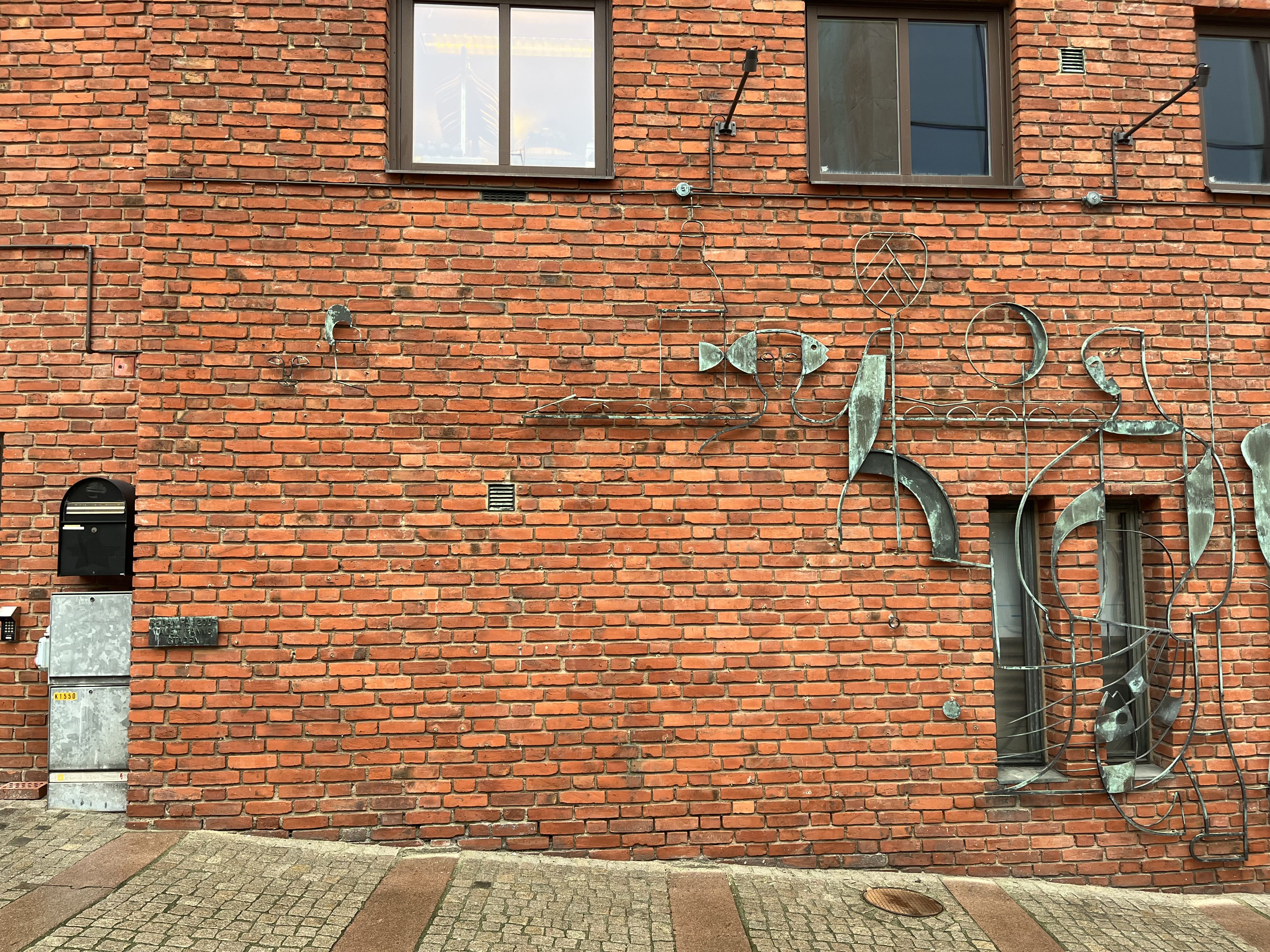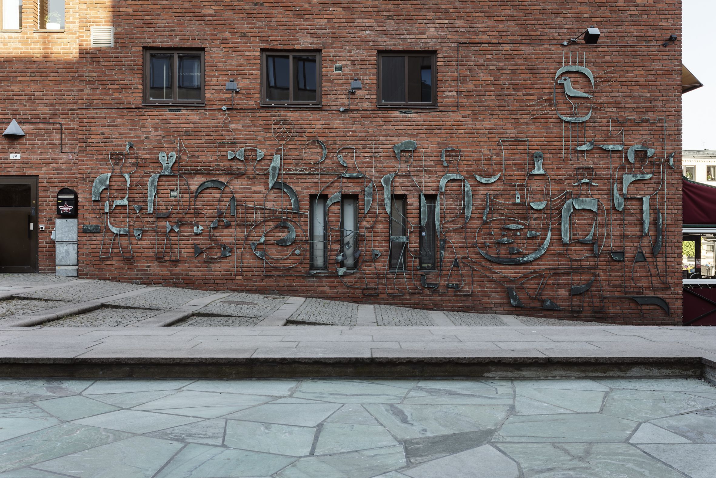 På Falkenbergs stadshusgård pryder Erik Olsons konsverk av koppar fasaden på väg till Kommunstyrelsesalen. Under fredagen upptäckte anställda på Falkenbergs kommun att det saknades en stor del av konstverket, som prytt väggen sedan 1959.
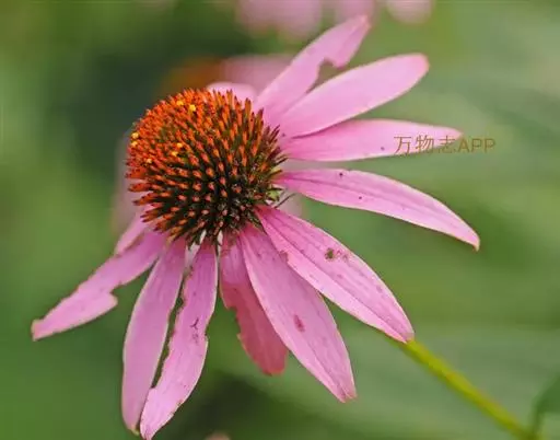 松果菊(学名:Echinacea purpurea (Linn.) Moench)是菊科松果菊属植物,多年生草本植物。高50-150厘米,全株有粗毛,茎直立;叶缘具锯齿。基生叶卯形或三角形,茎生叶卯状披针形,叶柄基部略抱茎。头状花序,单生或多数聚生于技顶,花大,直径可达10厘米:花的中心部位凸起,呈球形,球上为管状花,橙黄色;种子浅褐色,外皮硬。花期夏秋。 [1-2]
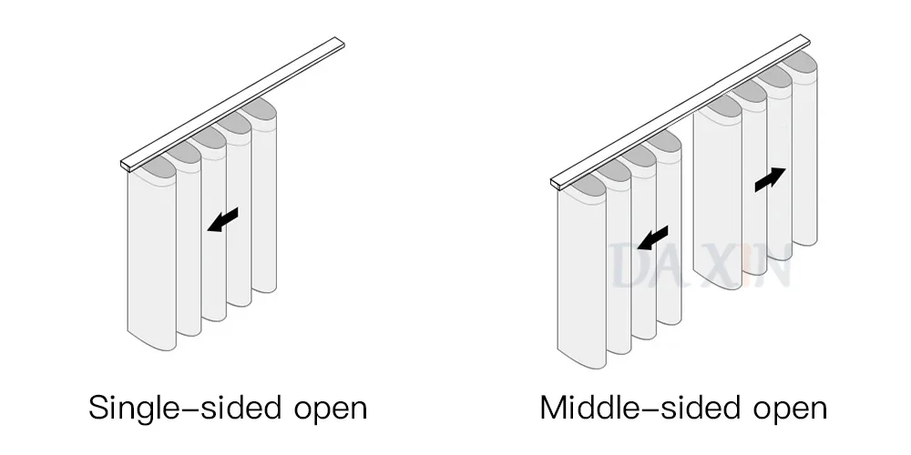 There are two curtain opening methods to choose from: Single-sided open and Double-sided open.

┄┄┄┄┄┄┄┄┄┄

▶ _TASK ITEM_
Repeat every line above exactly, minus the pictures.

▶ _RESULT OF THIS TASK_
 På Falkenbergs stadshusgård pryder Erik Olsons konsverk av koppar fasaden på väg till Kommunstyrelsesalen. Under fredagen upptäckte anställda på Falkenbergs kommun att det saknades en stor del av konstverket, som prytt väggen sedan 1959.
 松果菊(学名:Echinacea purpurea (Linn.) Moench)是菊科松果菊属植物,多年生草本植物。高50-150厘米,全株有粗毛,茎直立;叶缘具锯齿。基生叶卯形或三角形,茎生叶卯状披针形,叶柄基部略抱茎。头状花序,单生或多数聚生于技顶,花大,直径可达10厘米:花的中心部位凸起,呈球形,球上为管状花,橙黄色;种子浅褐色,外皮硬。花期夏秋。 [1-2]
 There are two curtain opening methods to choose from: Single-sided open and Double-sided open.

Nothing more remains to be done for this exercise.